(Data section Opens)
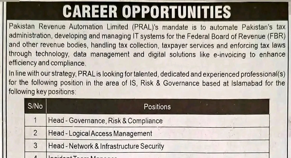 CAREER OPPORTUNITIES Pakistan Revenue Automation Limited PRAL Jobs 2026 We hope you achieve your goals and land a well-paying job. We over at https://idealjobs.pk are working hard towards your better future, and we hope you will always support our platform. VACANT POSITIONS IMPORTANT INSTRUCTIONS & HOW TO APPLY
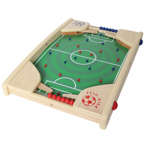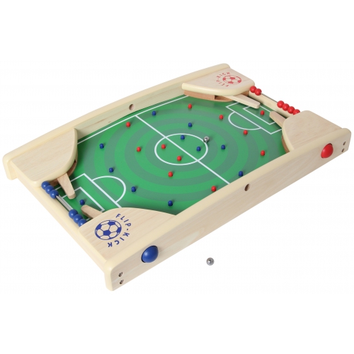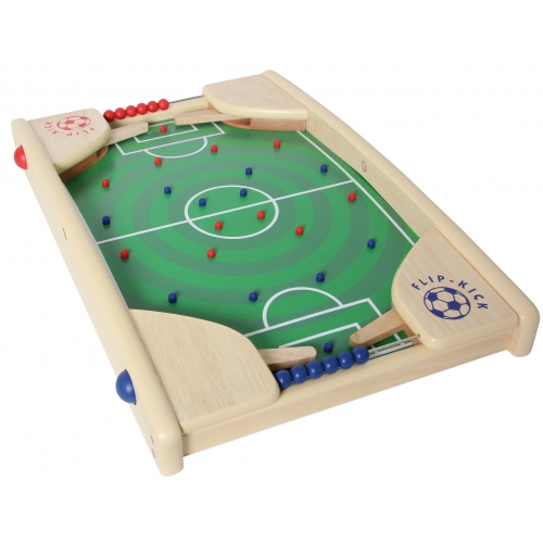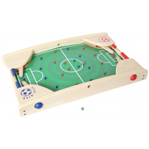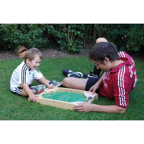 Artikel-Nr: 375106741Ein toller Fußballspaß für zwei Ballkünstler. Eine Mischung aus Flipper und Kicker. Die Spielfläche ist so gewölbt, dass die Kugel zu einem der beiden Tore rollt. Das Spiel beginnt mit dem Einwurf der Metallkugel durch die Startlöcher in den seitlichen Rahmenteilen. Dann schießen die Spieler die Kugel mit den beiden Flipper-Schenkeln in Richtung gegnerisches Tor. Das Ganze funktioniert wie bei einem Pinball-Spiel durch schnelles Drücken auf die seitlichen Knöpfe. In das Tor zu treffen ist nicht ganz einfach, es stehen nämlich genügend gegnerische und eigene Spieler in Form von kleinen Gummi-Knöpfen im Weg. Auf jeder Seite werden die e ...
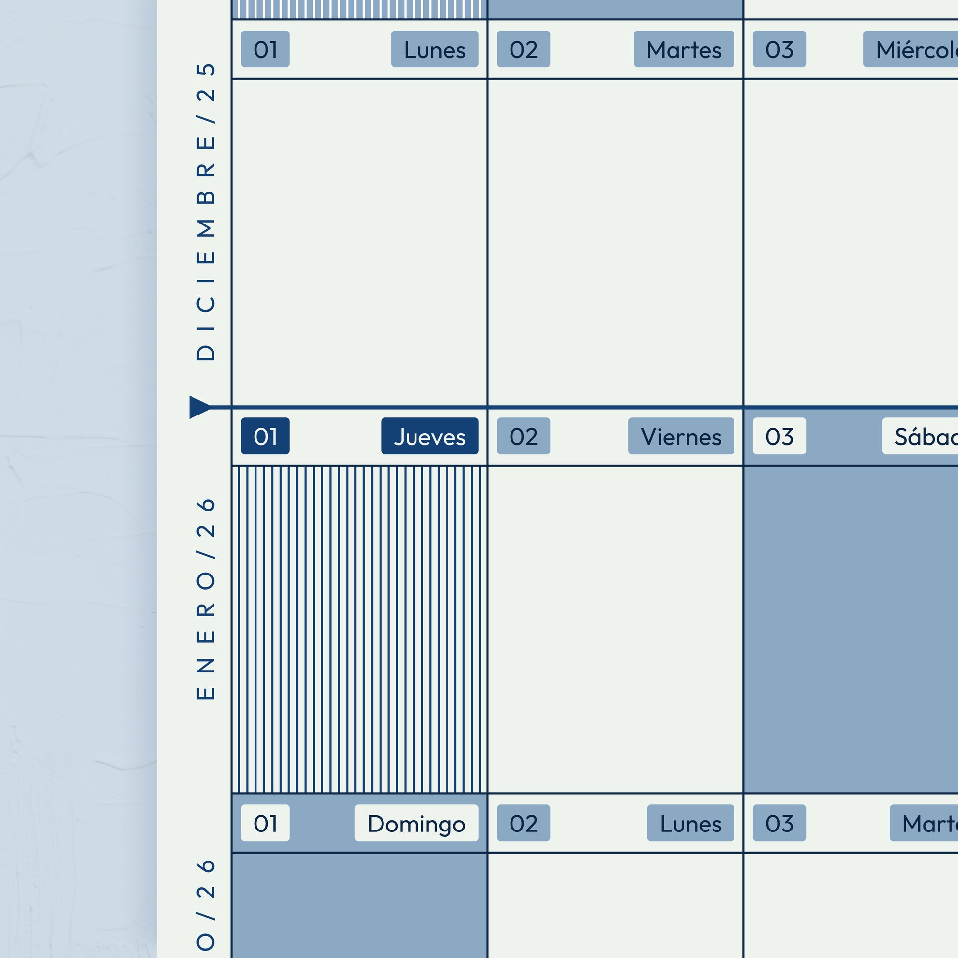 Visual, práctico, y gigante. Cada mes a la vista, para planificar con intención, tomar decisiones a tiempo, y ver el año como un todo.
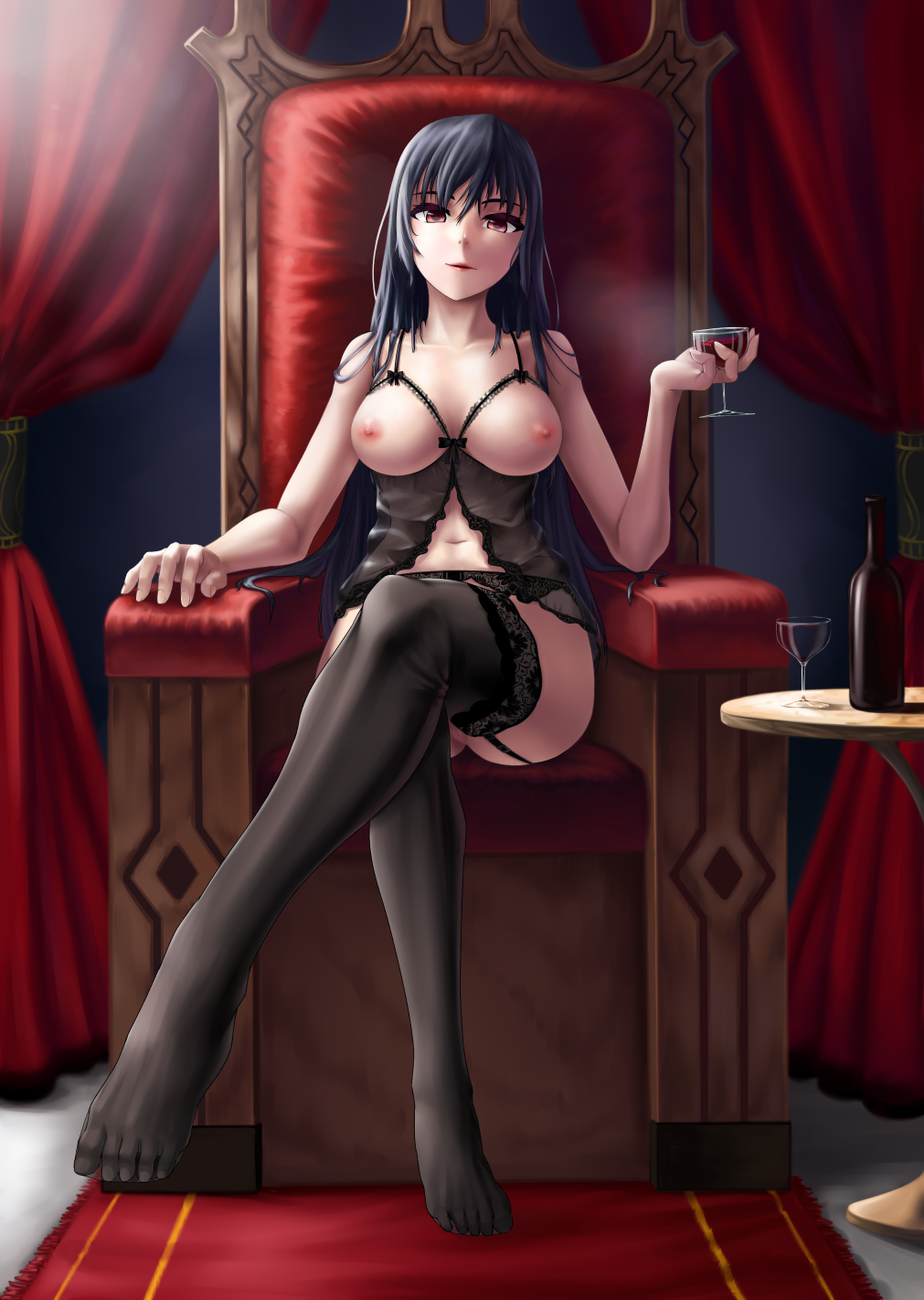 areolaebabydollblack hairbottomlessbreastless clothesbreastscupfeetfemaleFlag for Deletionfull bodygarter beltlegs crossedlingerielong hairlooking at viewernavelnipplespussyred eyessittingsmilesolotablethighhighsthroneunderwearunderwear onlywine bottlewine glass
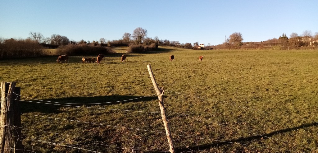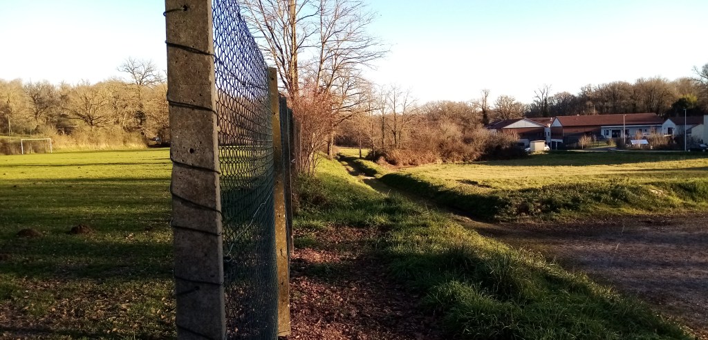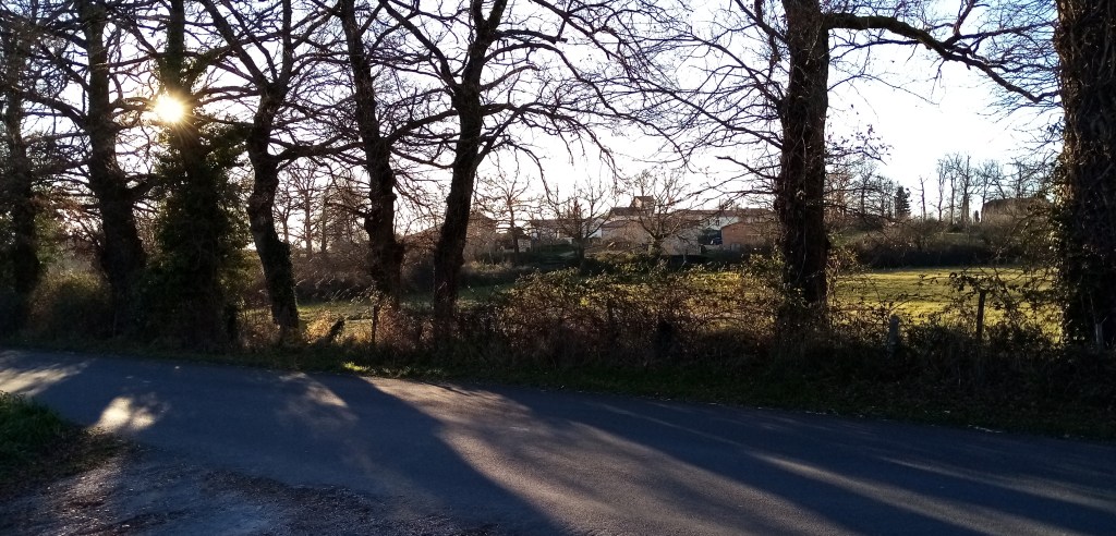 La forme de la ville sur son bord Nord-Est, cet après-midi, c’est cette lumière qu’on vient chercher, promeneurs avec chien ou pas ; c’est l’air vivifiant des premières pentes sous un soleil d’hiver qui baigne de la même façon pavillons, petits immeubles, ancienne ferme et bocage.
(Data section Closes)
Work required
Write out the material above exactly; no pictures.

Reply to the exercise
 CAREER OPPORTUNITIES Pakistan Revenue Automation Limited PRAL Jobs 2026 We hope you achieve your goals and land a well-paying job. We over at https://idealjobs.pk are working hard towards your better future, and we hope you will always support our platform. VACANT POSITIONS IMPORTANT INSTRUCTIONS & HOW TO APPLY
 Artikel-Nr: 375106741Ein toller Fußballspaß für zwei Ballkünstler. Eine Mischung aus Flipper und Kicker. Die Spielfläche ist so gewölbt, dass die Kugel zu einem der beiden Tore rollt. Das Spiel beginnt mit dem Einwurf der Metallkugel durch die Startlöcher in den seitlichen Rahmenteilen. Dann schießen die Spieler die Kugel mit den beiden Flipper-Schenkeln in Richtung gegnerisches Tor. Das Ganze funktioniert wie bei einem Pinball-Spiel durch schnelles Drücken auf die seitlichen Knöpfe. In das Tor zu treffen ist nicht ganz einfach, es stehen nämlich genügend gegnerische und eigene Spieler in Form von kleinen Gummi-Knöpfen im Weg. Auf jeder Seite werden die e ...
 Visual, práctico, y gigante. Cada mes a la vista, para planificar con intención, tomar decisiones a tiempo, y ver el año como un todo.
 areolaebabydollblack hairbottomlessbreastless clothesbreastscupfeetfemaleFlag for Deletionfull bodygarter beltlegs crossedlingerielong hairlooking at viewernavelnipplespussyred eyessittingsmilesolotablethighhighsthroneunderwearunderwear onlywine bottlewine glass
 La forme de la ville sur son bord Nord-Est, cet après-midi, c’est cette lumière qu’on vient chercher, promeneurs avec chien ou pas ; c’est l’air vivifiant des premières pentes sous un soleil d’hiver qui baigne de la même façon pavillons, petits immeubles, ancienne ferme et bocage.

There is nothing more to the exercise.